TM cells were seeded onto permeable filters (Snapwell; Costar, Cambridge, MA) consisting of a 12-mm diameter plastic insert surrounding a polycarbonate filter membrane (1-cm² surface area; 0.4-μm pore size) at a density of 1 × 10⁵ cells/filter and were cultured for 4 to 30 days. A previously used Ussing chamber (Ussing System CHM5; World Precision Instruments, Sarasota, FL) perfusion system ¹⁵ was modified to deliver cyclic pressure oscillations while monitoring intrachamber pressure in real time. Cells on filter supports were placed on an Ussing chamber and mounted in a clamp housing. Cells were perfused with 25 mM HEPES-buffered DMEM (serum-free; pH 7.4). Constant flow was delivered to the monolayer (apical to basal) at a rate of 30 μL/min using a syringe-driven constant infusion pump (PHD 2000 Programmable Syringe Pump; Harvard Apparatus, Holliston, MA). 

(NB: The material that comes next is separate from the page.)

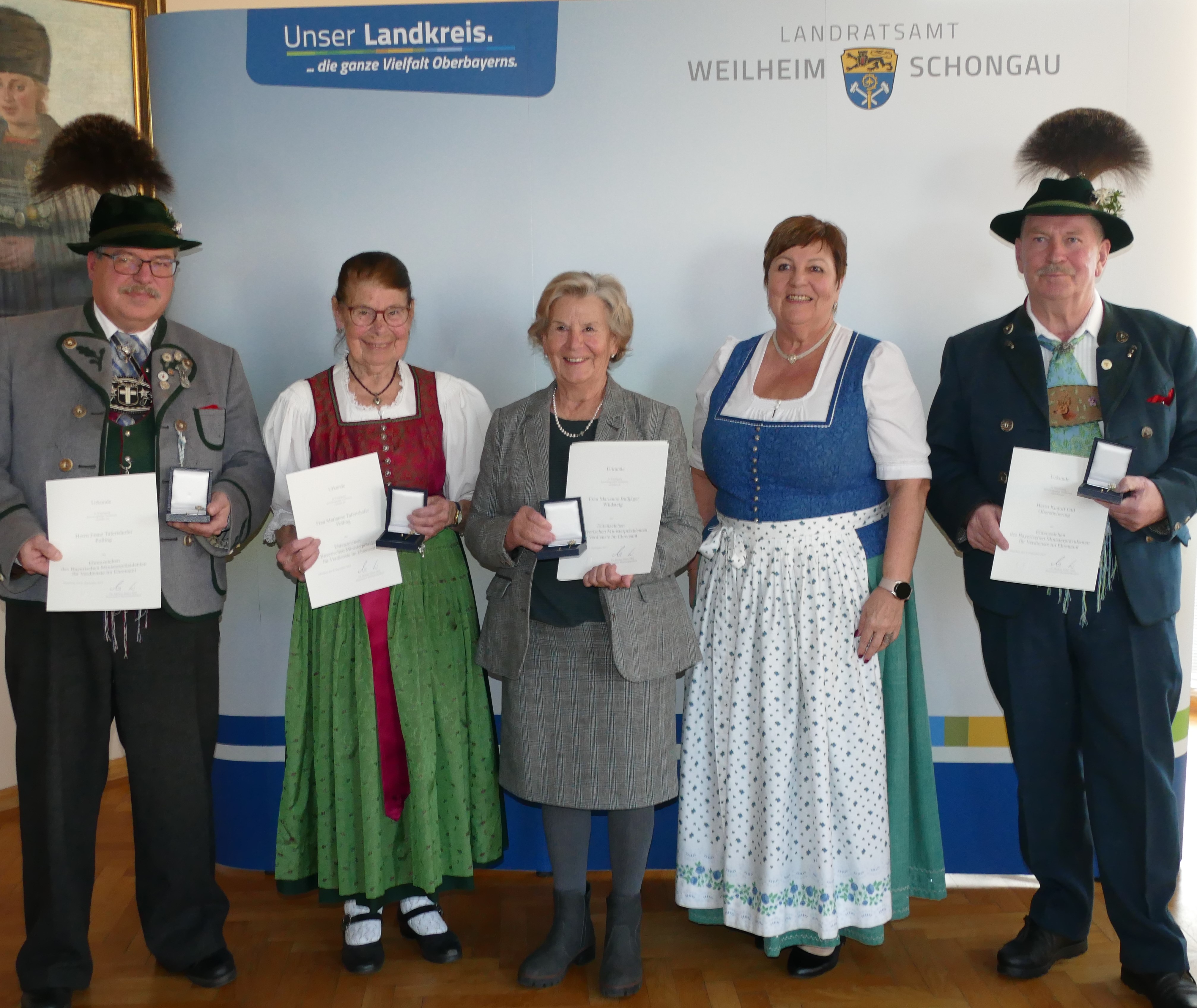 Im Landratsamt in Weilheim wurden Marianne Bußjäger aus Wildsteig, Marianne und Franz Tafertshofer aus Polling und Rudolf Ottl aus Obersöchering für ihr langjähriges ehrenamtliches Wirken mit dem Ehrenzeichen des Bayerischen Ministerpräsidenten ausgezeichnet.

With this setup, we attempted to model the environment that exists in the juxtacanalicular region, where TM cells are in contact with cell neighbors and fluid flow bypasses the apical surface. Thus, we predicted that coordinated contractions of TM cells on filters modify flow pathways (openings) between adjacent cells and change hydraulic conductivity. A pressure transducer (Research Blood Pressure Transducer; Harvard Apparatus) was connected to the apical chamber to record pressure in mm Hg at a frequency of acquisition equaling 100 samples per second (Fig. 1) . After a stable baseline was reached, media were exchanged with DMEM or DMEM containing 10 μM isoproterenol, 10 μM pilocarpine, 10 μM nifedipine, or 10 μM Y27632, and perfusion was restarted at a constant flow rate until it reached a new stable baseline. For every experimental condition, a minimum of two different cell lines in at least four individual experiments were perfused for each treatment group to indicate that results were not an artifact of an individual donor or experiment. 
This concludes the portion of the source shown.